While the focus is on students at UC Santa Cruz, any student in the University of California system, California State universities, community colleges, and our public high schools may participate as a team member in the IDEA Hub. All projects, team members, and community partners will be listed on the IDEA Hub public website with a contact for students and mentors interested in joining the project. We will also form partnerships with the UC system-wide networks, such as CITRIS, Blum Centers, and places like the D-lab at UC Davis, which promote the deployment of solutions to social challenges. Additional partnerships for scientific and public engagement outreach will be forged with institutions already working with OpenLab, including the Tech Museum in San Jose, Oakland Museum of California, Maker Faire in San Mateo, Randall Museum in San Francisco, California Academy of Sciences, Santa Cruz Museum of Art and History, and the Monterey Bay National Marine Sanctuary Exploration Center in Santa Cruz. Providing students with avenues for community engagement will challenge, nourish, and equip them to analyze critically, understand, and respond to the public understanding and appreciation of their ideas with the intent to drive home the value and necessity of deploying solutions for the social and environmental challenges of our time.
Community Diversity
The UCSC campuses in Santa Cruz and Silicon Valley bridge the Monterey Bay, a largely rural, agriculture and service-dominated economy, and the San Francisco Bay, with a largely urban, technology-dominated economy, both of which contain some of the highest income disparities in the US. As one of the few Hispanic-serving higher education institutions in the US that serves both rural agriculture-based and urban technology-based populations, UCSC is IDEAlly positioned to offer an IDEA Hub focused on technologies and practices for social innovation that has the potential to scale more globally. To build upon this rural and coastal strength, the Slab will use their funding to expand their lab (currently focused on Materials, Semiconductors and Clean Tech) to support Agriculture, Food, Marine and related Bio Technology projects, and the Everett Program will build facilities to support graphic arts and mapping technology for community-focused projects. The IDEA Hub builds particularly on the success of the Everett Program, founded in 1998, to educate and inspire a diverse group of students to use digital tools and social entrepreneurship skills to advance social justice and promote sustainability.
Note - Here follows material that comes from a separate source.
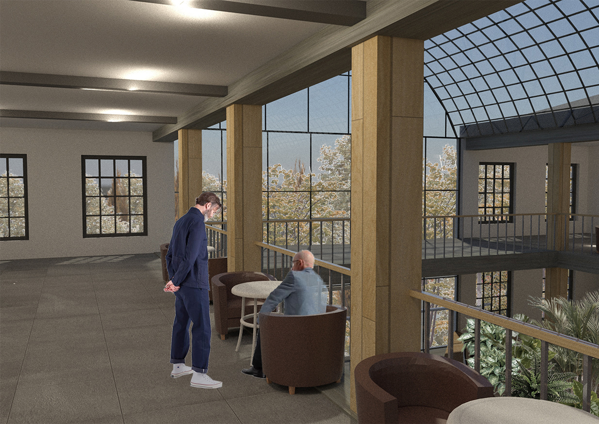 Based on this vision I have chosen brick for exterior siding to create a sense of long-term presence, to make the building a small step in the long evolution of the neighborhood. I decided not to go taller then three stories to retain a cozy atmosphere both inside and outside. A spacious atrium and a winter garden create an interaction between the built space and the outside world in line with the character of the Travellers club.

Over 80% of the Everett program students are from underrepresented background, including 75% who are women, and more than 60% who are either Latino or African-American. In addition, students in the Arts department are over 35% Latino or Hispanic (which is greater than the percentage of white students). The CIED, and initial IDEA Hub Director, Carter has a strong record of including women and underrepresented minorities with strong STEM skills in her laboratory, many who have gone on to start-up companies. Over 60% of Carter’s graduate students have been women and 20% have been underrepresented minorities, which are both high percentages for a Physics graduate program. We also note that UCSC does not have either a business or law school so that the training programs coming out of the IDEA Hub will provide most of the business and legal training for our diverse student entrepreneurs, who would otherwise not easily have access to such training.